:: Data extracts ::

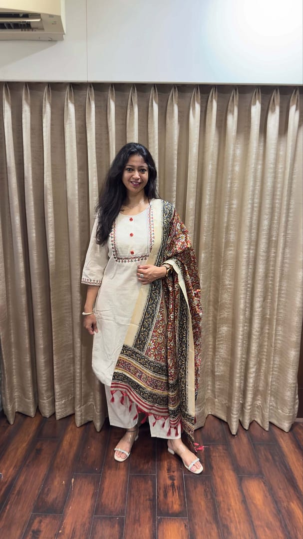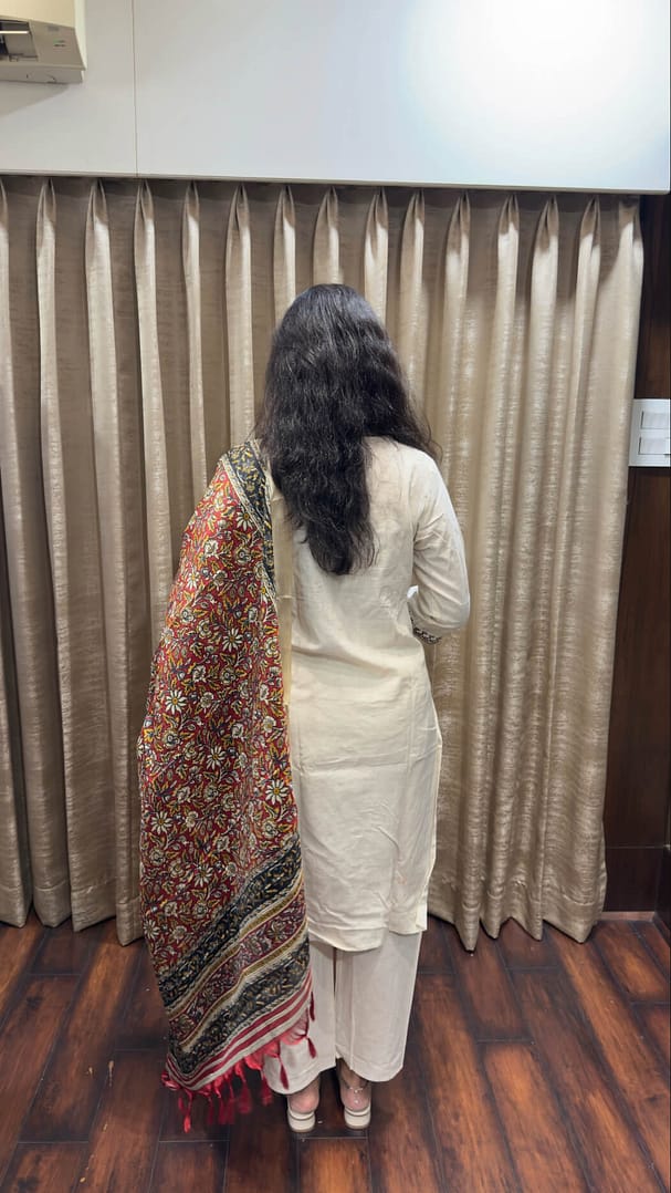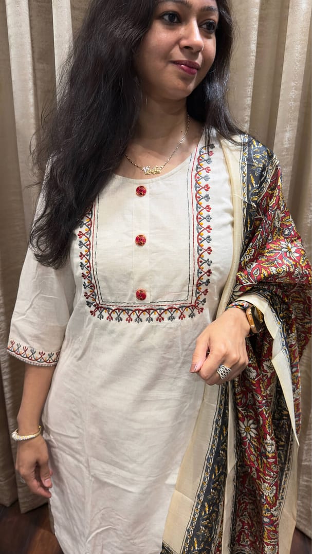 Comfort breathable slub cotton dupatta suit with embroidery on neckline & pant work on hemline colourful printed kalamkari dupatta
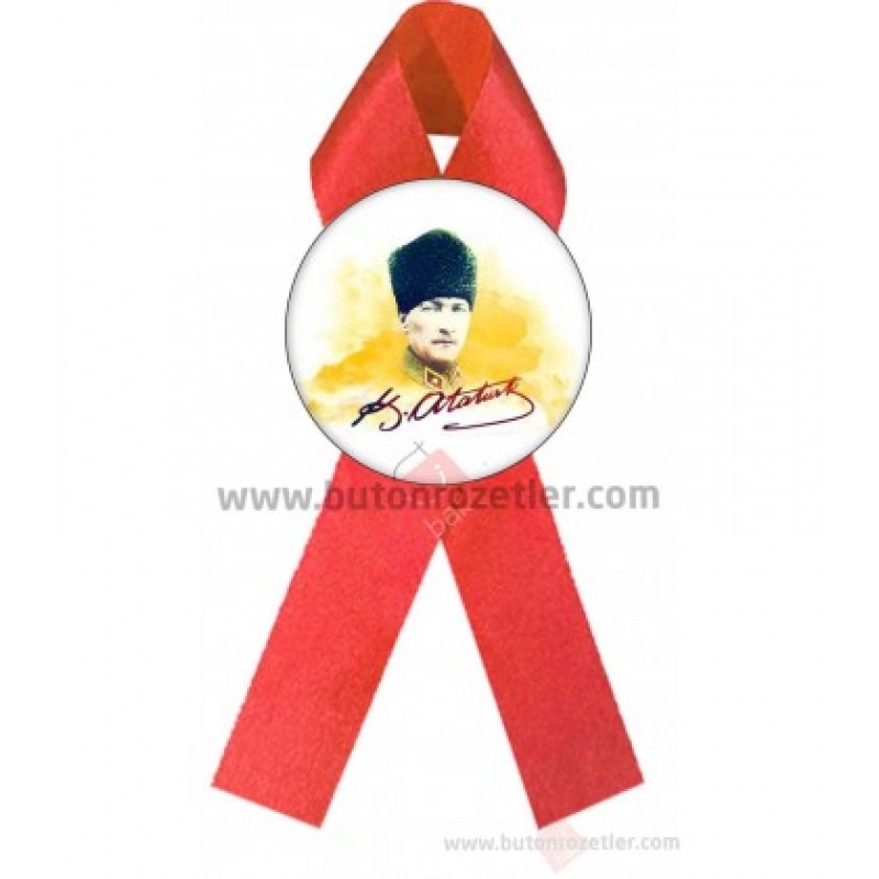 Atatürk kalpaklı ve imzalı yaka rozeti fiyonk şeklinde tasarlanmıştır ve genellikle resmi törenlerde kullanılır. Fiyonklu tasarımı ise sevginin ve saygının bir sembolüdür.
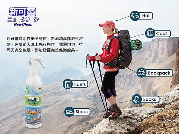 一瓶「NewClean 新可靈奈米長效保潔劑」,就可以把帽子衣服背包鞋子衣褲連襪子通通都防護,有防水、抗 UV、抑菌、防霉多功能的效果。滿便利。
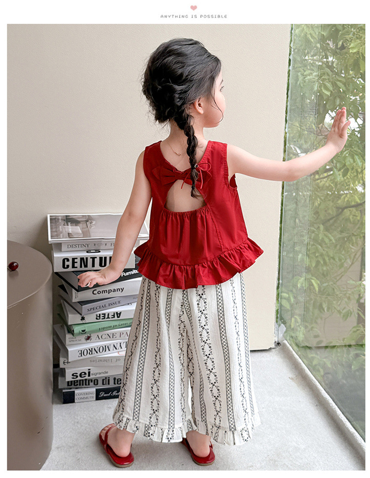 소녀 백 할로우 아웃 세트 2025 여름 새로운 패션 소녀 세련된 투피스 세트 중소 어린이 여름 원피스
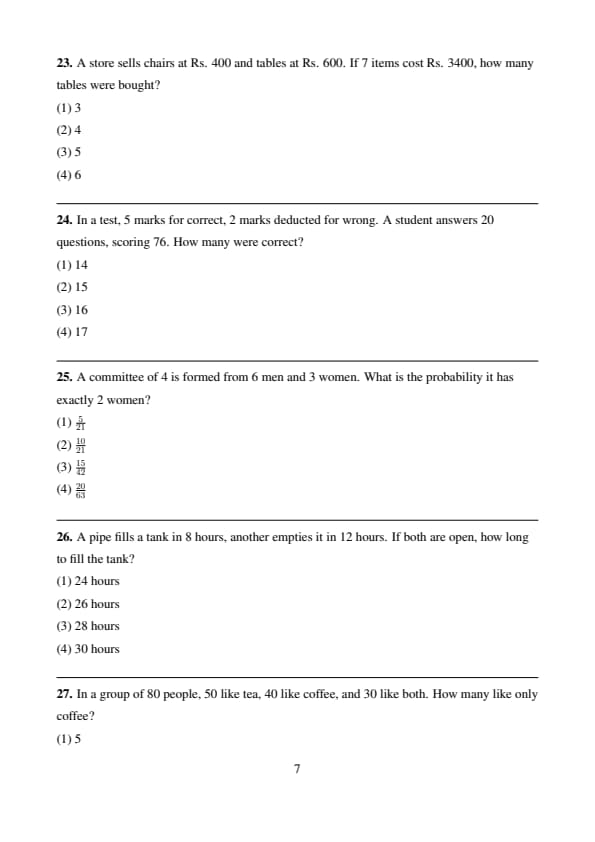 Quick Tip: For probability, use combinations: \(\binom{n}{k}\) for selecting \(k\) items from \(n\), and divide favorable outcomes by total outcomes.

:::

### Description of the task
Your answer is the exact run of lines above from the one with "Atatürk kalpaklı ve" through the one with "소녀 백 할로우 아웃", both ends included, minus any picture.

### Answer to this task
 Atatürk kalpaklı ve imzalı yaka rozeti fiyonk şeklinde tasarlanmıştır ve genellikle resmi törenlerde kullanılır. Fiyonklu tasarımı ise sevginin ve saygının bir sembolüdür.
 一瓶「NewClean 新可靈奈米長效保潔劑」,就可以把帽子衣服背包鞋子衣褲連襪子通通都防護,有防水、抗 UV、抑菌、防霉多功能的效果。滿便利。
 소녀 백 할로우 아웃 세트 2025 여름 새로운 패션 소녀 세련된 투피스 세트 중소 어린이 여름 원피스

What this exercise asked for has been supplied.